===== Data records

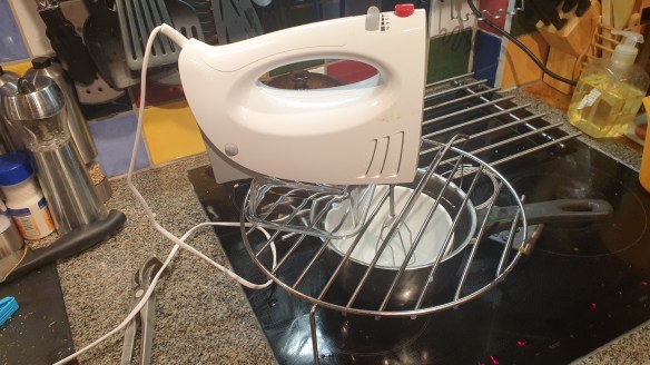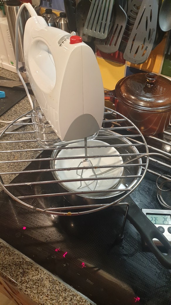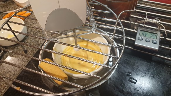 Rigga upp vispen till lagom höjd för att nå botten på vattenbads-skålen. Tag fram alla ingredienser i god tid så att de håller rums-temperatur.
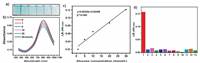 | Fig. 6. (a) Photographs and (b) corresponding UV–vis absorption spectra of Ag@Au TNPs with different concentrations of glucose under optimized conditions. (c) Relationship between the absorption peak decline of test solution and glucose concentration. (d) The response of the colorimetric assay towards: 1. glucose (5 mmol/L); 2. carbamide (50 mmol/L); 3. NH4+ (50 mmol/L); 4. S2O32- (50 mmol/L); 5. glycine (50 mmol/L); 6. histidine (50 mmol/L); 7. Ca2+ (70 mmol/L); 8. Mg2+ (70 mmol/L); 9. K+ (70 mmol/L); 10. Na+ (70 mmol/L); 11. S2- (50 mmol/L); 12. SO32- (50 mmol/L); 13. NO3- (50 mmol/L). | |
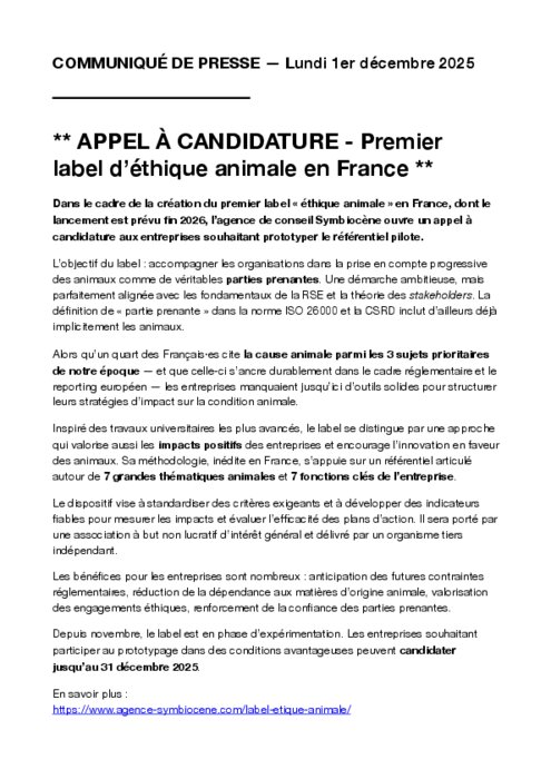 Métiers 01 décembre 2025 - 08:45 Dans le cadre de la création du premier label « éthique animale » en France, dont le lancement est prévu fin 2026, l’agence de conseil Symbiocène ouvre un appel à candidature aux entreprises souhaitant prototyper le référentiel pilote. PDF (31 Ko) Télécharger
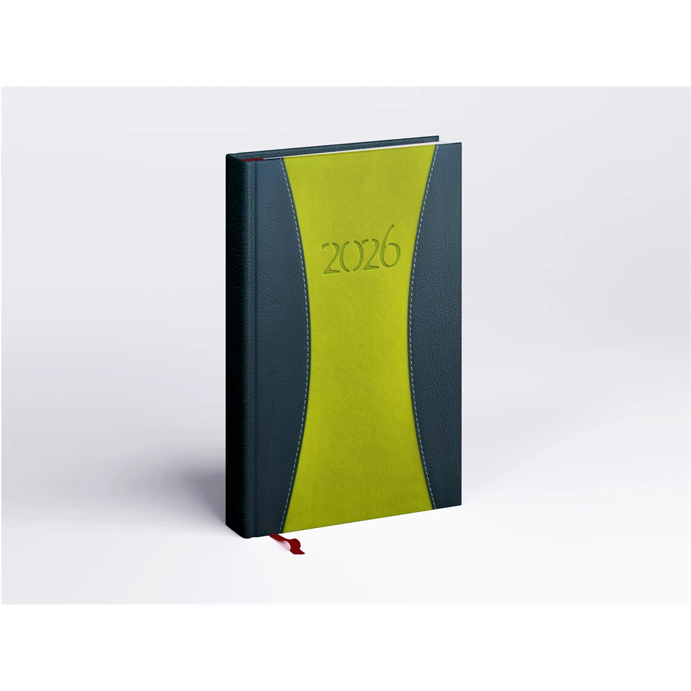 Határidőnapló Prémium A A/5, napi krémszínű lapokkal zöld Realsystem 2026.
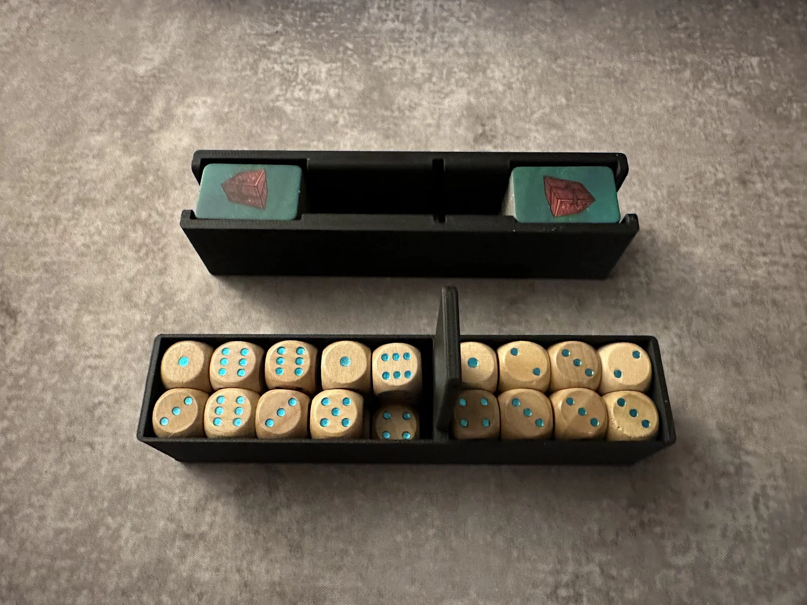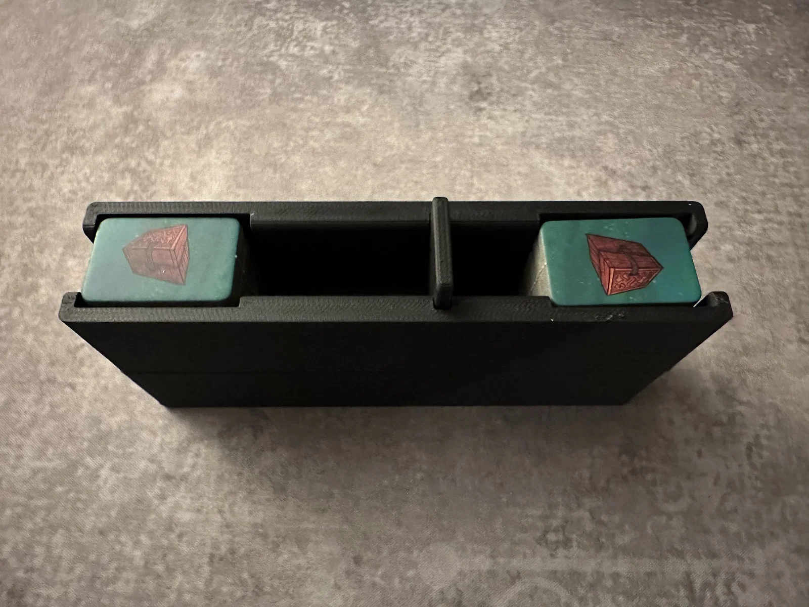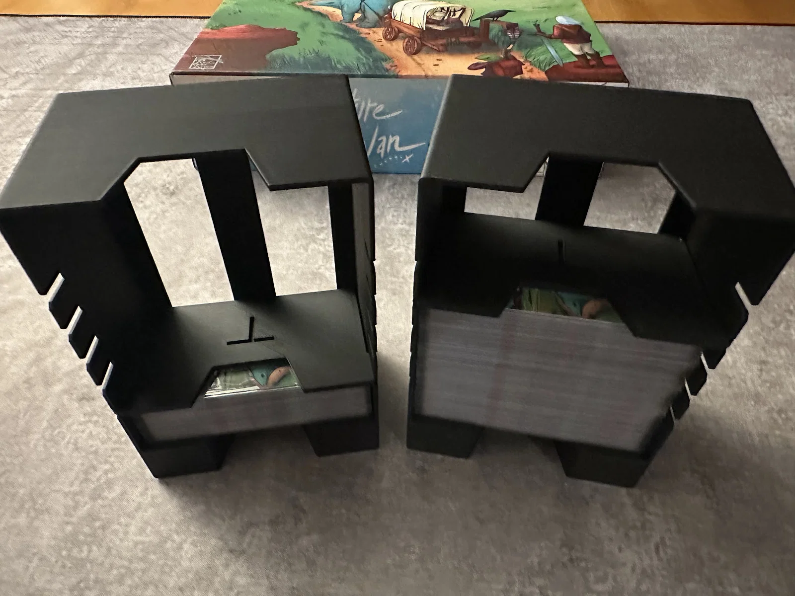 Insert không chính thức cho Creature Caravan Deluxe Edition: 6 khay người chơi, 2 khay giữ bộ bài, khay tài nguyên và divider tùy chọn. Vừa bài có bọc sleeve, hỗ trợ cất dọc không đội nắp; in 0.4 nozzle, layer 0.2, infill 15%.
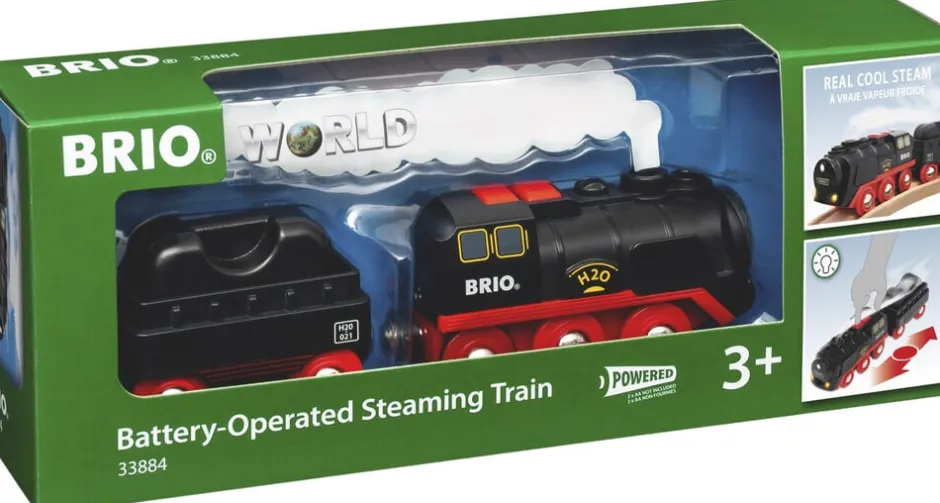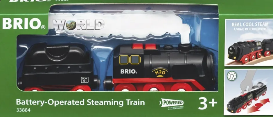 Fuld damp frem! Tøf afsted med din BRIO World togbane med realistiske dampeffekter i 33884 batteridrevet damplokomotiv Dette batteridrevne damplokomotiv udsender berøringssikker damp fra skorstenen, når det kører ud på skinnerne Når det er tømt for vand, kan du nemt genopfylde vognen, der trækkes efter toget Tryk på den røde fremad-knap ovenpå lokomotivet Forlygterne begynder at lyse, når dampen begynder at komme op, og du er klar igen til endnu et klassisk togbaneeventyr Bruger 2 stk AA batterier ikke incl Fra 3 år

==========
===== Data records

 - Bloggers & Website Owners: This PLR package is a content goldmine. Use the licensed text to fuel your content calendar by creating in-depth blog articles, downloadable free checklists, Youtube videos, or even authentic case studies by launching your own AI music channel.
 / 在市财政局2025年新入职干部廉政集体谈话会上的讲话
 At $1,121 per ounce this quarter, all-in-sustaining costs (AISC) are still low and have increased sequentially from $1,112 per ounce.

==========
===== Data records

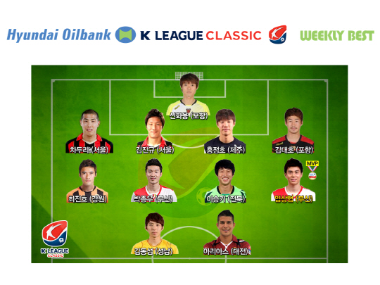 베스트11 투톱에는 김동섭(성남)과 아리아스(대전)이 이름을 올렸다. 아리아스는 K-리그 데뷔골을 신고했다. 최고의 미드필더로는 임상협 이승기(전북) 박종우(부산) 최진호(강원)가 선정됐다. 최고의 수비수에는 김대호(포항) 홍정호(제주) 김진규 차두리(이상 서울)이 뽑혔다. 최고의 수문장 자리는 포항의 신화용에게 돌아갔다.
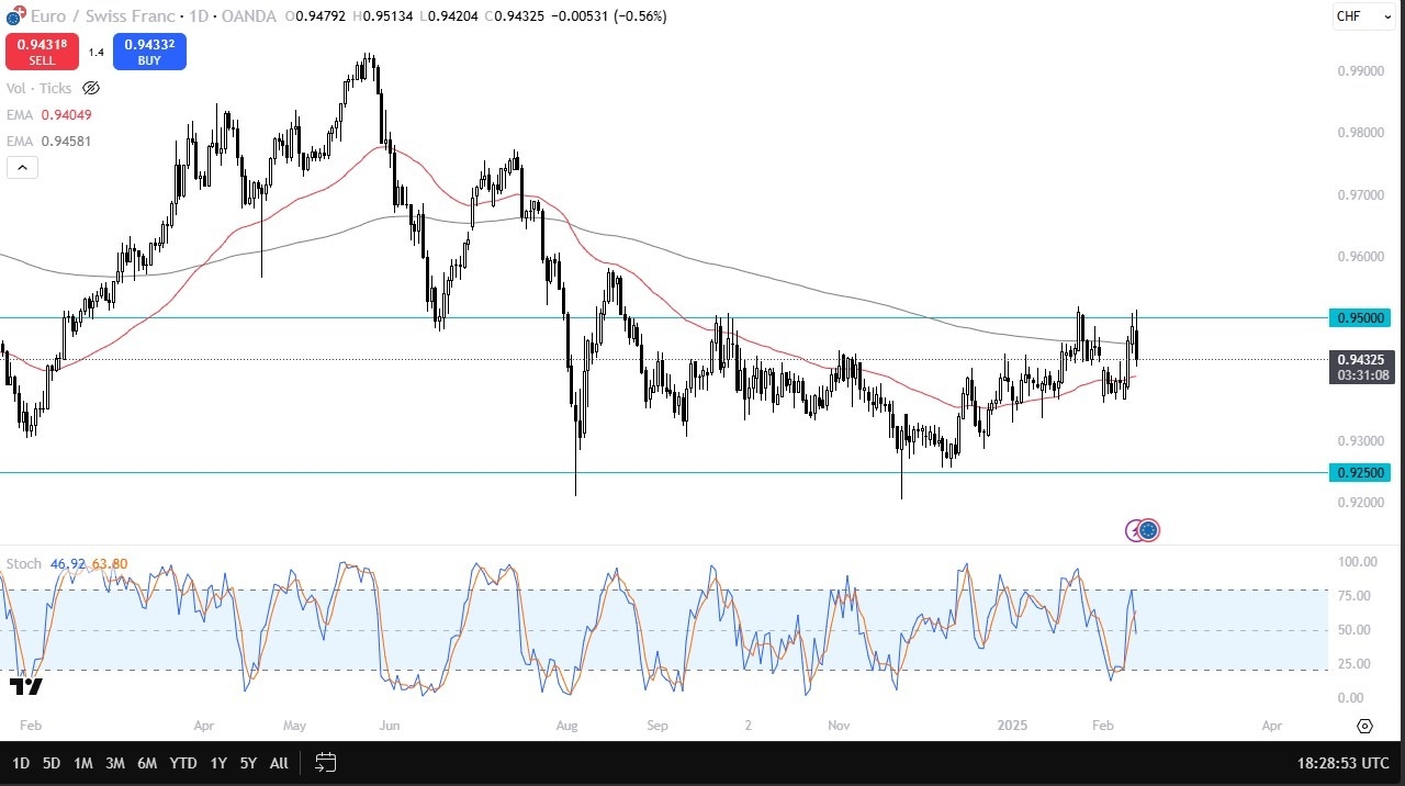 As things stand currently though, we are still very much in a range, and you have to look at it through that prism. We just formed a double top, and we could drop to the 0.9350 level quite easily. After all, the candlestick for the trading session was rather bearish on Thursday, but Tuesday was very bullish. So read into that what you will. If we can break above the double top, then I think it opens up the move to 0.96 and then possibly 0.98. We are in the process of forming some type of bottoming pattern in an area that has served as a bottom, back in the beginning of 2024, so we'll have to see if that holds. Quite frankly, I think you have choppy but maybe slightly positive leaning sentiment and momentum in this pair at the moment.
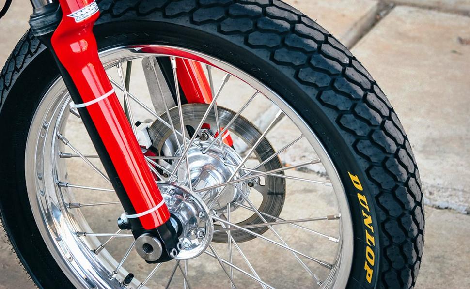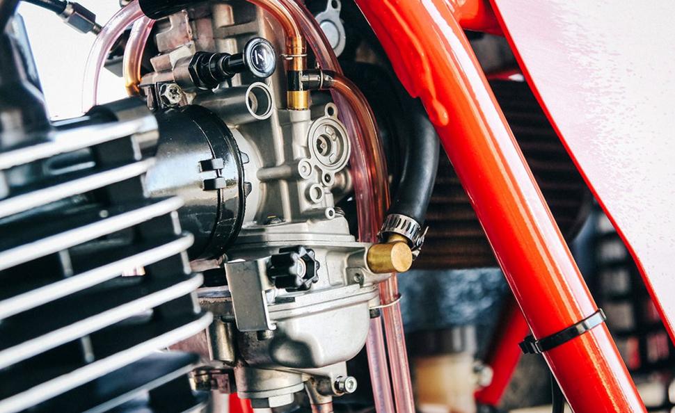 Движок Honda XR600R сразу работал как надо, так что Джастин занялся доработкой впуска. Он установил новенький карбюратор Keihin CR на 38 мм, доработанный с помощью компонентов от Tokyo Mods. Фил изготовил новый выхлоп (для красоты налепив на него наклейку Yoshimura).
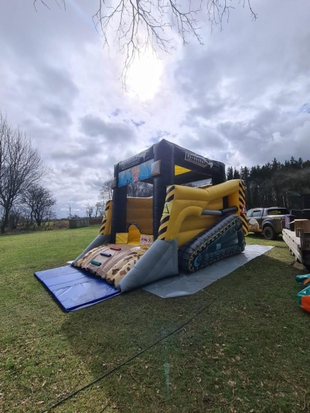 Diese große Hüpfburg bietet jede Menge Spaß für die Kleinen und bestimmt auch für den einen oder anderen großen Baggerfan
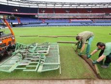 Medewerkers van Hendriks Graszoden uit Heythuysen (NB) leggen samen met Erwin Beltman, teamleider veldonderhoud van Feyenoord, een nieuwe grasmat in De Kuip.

==========

__Task details__
What is wanted is an exact copy of the lines above from the one containing "Határidőnapló Prémium A" through the one containing "Fuld damp frem!", with no pictures in it.

__Result of the exercise__
 Határidőnapló Prémium A A/5, napi krémszínű lapokkal zöld Realsystem 2026.
 Insert không chính thức cho Creature Caravan Deluxe Edition: 6 khay người chơi, 2 khay giữ bộ bài, khay tài nguyên và divider tùy chọn. Vừa bài có bọc sleeve, hỗ trợ cất dọc không đội nắp; in 0.4 nozzle, layer 0.2, infill 15%.
 Fuld damp frem! Tøf afsted med din BRIO World togbane med realistiske dampeffekter i 33884 batteridrevet damplokomotiv Dette batteridrevne damplokomotiv udsender berøringssikker damp fra skorstenen, når det kører ud på skinnerne Når det er tømt for vand, kan du nemt genopfylde vognen, der trækkes efter toget Tryk på den røde fremad-knap ovenpå lokomotivet Forlygterne begynder at lyse, når dampen begynder at komme op, og du er klar igen til endnu et klassisk togbaneeventyr Bruger 2 stk AA batterier ikke incl Fra 3 år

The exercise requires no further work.